Twilight and “unacceptable” desire

The Hairpin just ran a great piece by Sarah Blackwood about Twilight, Bella, feminism, and “strong female characters”:

And, as Part One of Breaking Dawn arrives in theaters this week, we all get to revisit just how very much Bella Swan is not “a strong heroine.” Spending a lot of time in bed, on couches, and being carried around by burly boys, Bella is passive to the point of immobility. Her great love Edward is a controlling stalker, and the novels appear to extol the virtues of abstinence, teen marriage, and feminine “purity.” Yet the Twilight Saga, I would argue, has the potential to revitalize a number of our larger conversations about feminism, especially those related to sex, pregnancy, desire, and autonomy.

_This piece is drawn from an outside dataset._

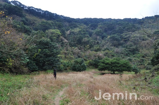 이제는 내려가는 길이다. 발길을 붙잡는 가시와 옷깃을 잡아끄는 나무들을 헤치고 5분을 가면 다시 개활지이고 본격적인 내리막길이다. 10여분이며 평지(〃H)다. 대략 1만3000㎡이다. 이곳에서 오름 중앙 방향으로 250m지점에 봉긋한 것이 알오름(〃I)이다. 풍수상으로 생기가 모인 주혈이라고 하니 비록 제주도에 있으나 일국의 수도 못지않은 '귀한 땅'인 셈이다.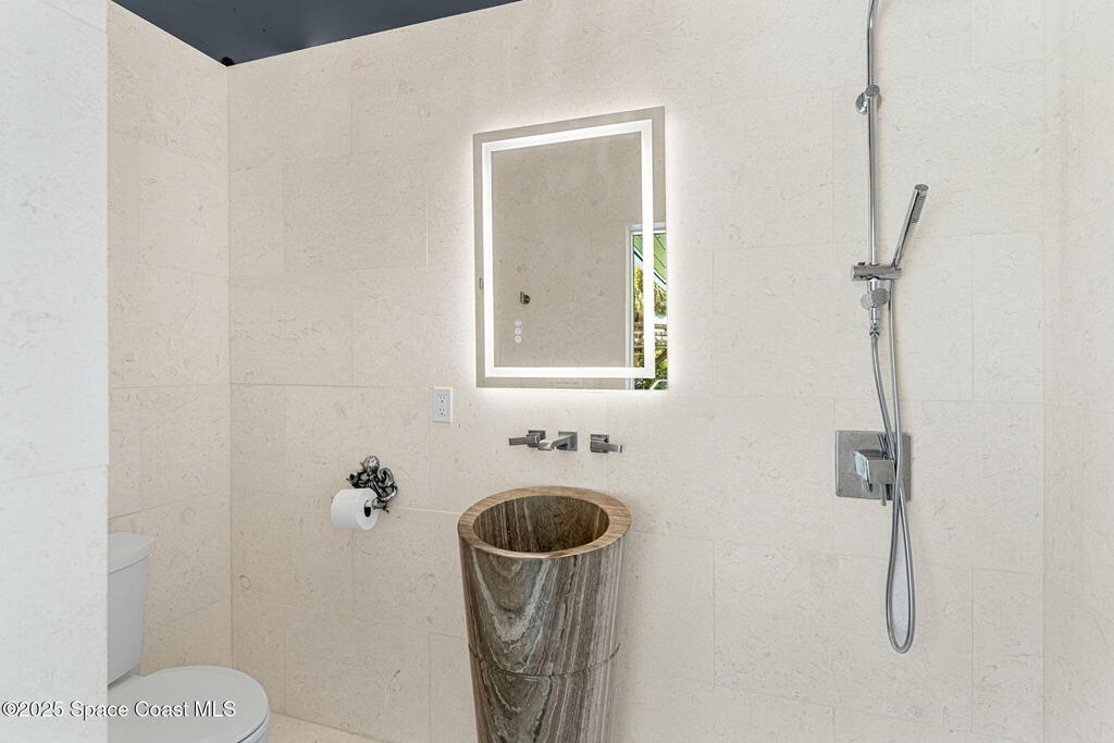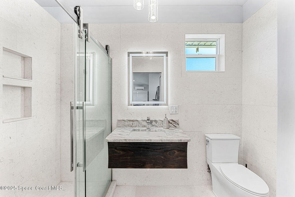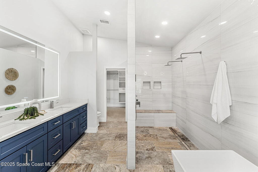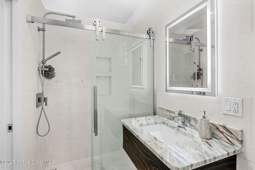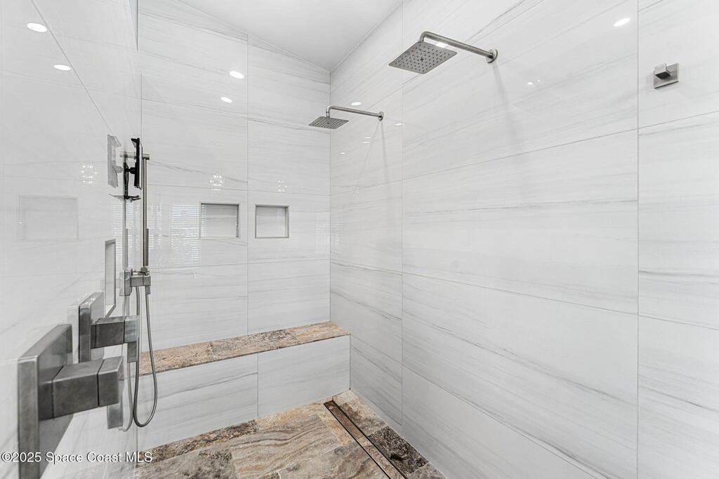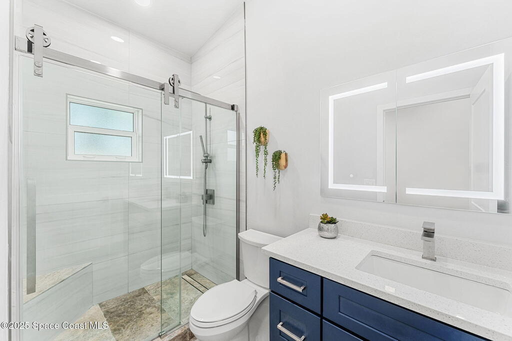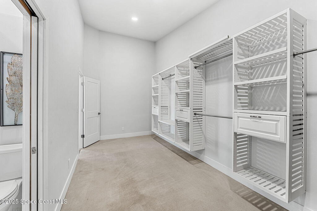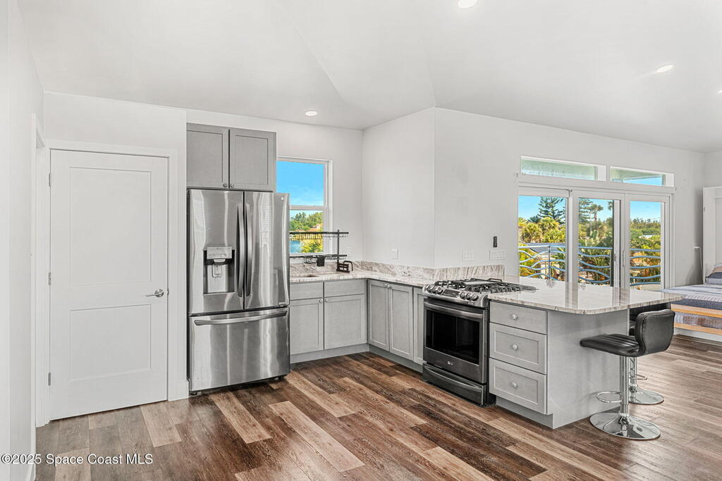 Experience waterfront living in this 2023 custom-built 5-bedroom, 5-bath home, located on a wide canal with stunning sunset views-- short walk to the beach, downtown Cocoa Beach, and a bike ride to the golf course. This luxury residence features a pool with full pool bath, and a 3-car garage with A/C, tall ceilings, and extra-high doors. The new dock includes water, electric, and two boat lifts. Inside, enjoy a chef's kitchen with 36'' gas range, pot filler, Bosch ultra-quiet dishwasher, tankless gas water heater, butler's pantry, and vaulted ceilings. The primary suite offers a spa-like bath with zero-entry shower, soaking tub, oversized closet. Additional highlights include illuminated mirrors in all baths, custom tongue-and-groove cypress ceilings, generator hookup, and a full solar system for $0 electric bills. A private 850 sq ft guest suite features its own kitchen, laundry, two queen beds, and a balcony--ideal for guests, income, or in-law living. Luxury, efficiency & location

She talks a lot about Twilight‘s portrayal of pregnancy and childbirth and how underneath the vampire parts, there’s actually a core of emotional truth there. I really recommend the piece. She ends by arguing that, if Twilight doesn’t show a lot of interest in challenging gender, it does do an awfully good job at explaining what it’s like to have a gender, and leaves feminism (obviously feminism isn’t a monolith, but I’m guessing she’s talking about the standard white American feminism of “actualization”) with some interesting questions:

If, as feminists, we believe in girls’ and womens’ autonomy, how do we understand the autonomy-shattering power of desire? Do we determine that some desires (to be dominated? to be beautiful? to get married?) are bad and others good? Because we want very much for girls not to get pregnant too young, do we bar them from even imagining what it would be like and what it would mean?

I confess to not having read the Twilight books. While I have a nearly endless appetite for trashy TV and movies, I just don’t have a lot of patience for trashy novels. I did like the movies and have written about that in the past.

I find the argument that Twilight is bad for teenage girls because it portrays Bella as really passive and to be really spurious, because I remember being a teenage girl and being able to think critically. I’m not saying I was a feminism expert, but like, I remember basically understanding the concepts of being able to think critically about books and movies. And you know, understanding they aren’t real life or models of how to live my life. For instance, when I was in high school, I always found the girl who was into the brooding, mysterious guy storyline (like early Buffy and Angel) really tedious. But I do think that it works wonderfully as fantasy because while on its face the whole thing is ludicrous, it’s emotionally really true, if that makes sense, about teenagers and desire and how they’re kind of constantly told it’s wrong from all angles. Certainly it took me right back to the simultaneous desire and fear and guilt I felt about sex when I was a teenager.

I generally find myself feeling a bit cautious when conversations about feminism shift to desire and the pursuit of pleasure – not because I think it’s wrong for feminism to acknowledge that women have desires and those desires aren’t always politically correct – but more because I don’t think we can really totally separate our desires from the cultural. We grow up in patriarchy, of course our desires reflect that. (I’m sure someone will tell me it’s biology, but just because our bodies respond to something doesn’t mean that it’s completely separate from our minds or thoughts, which are inextricably linked to the culture we learned to think in, and sure, there’s some biology but it’s probably a complex interaction whose causes are beyond our current comprehension.) So while it’s not exactly breaking the glass ceiling to admit we just sometimes want a sparkling man to carry us around and insist we marry him, it’s probably important that we talk about it without apologizing or treating it as a personal failure.

This is really easy to say but surprisingly hard to do.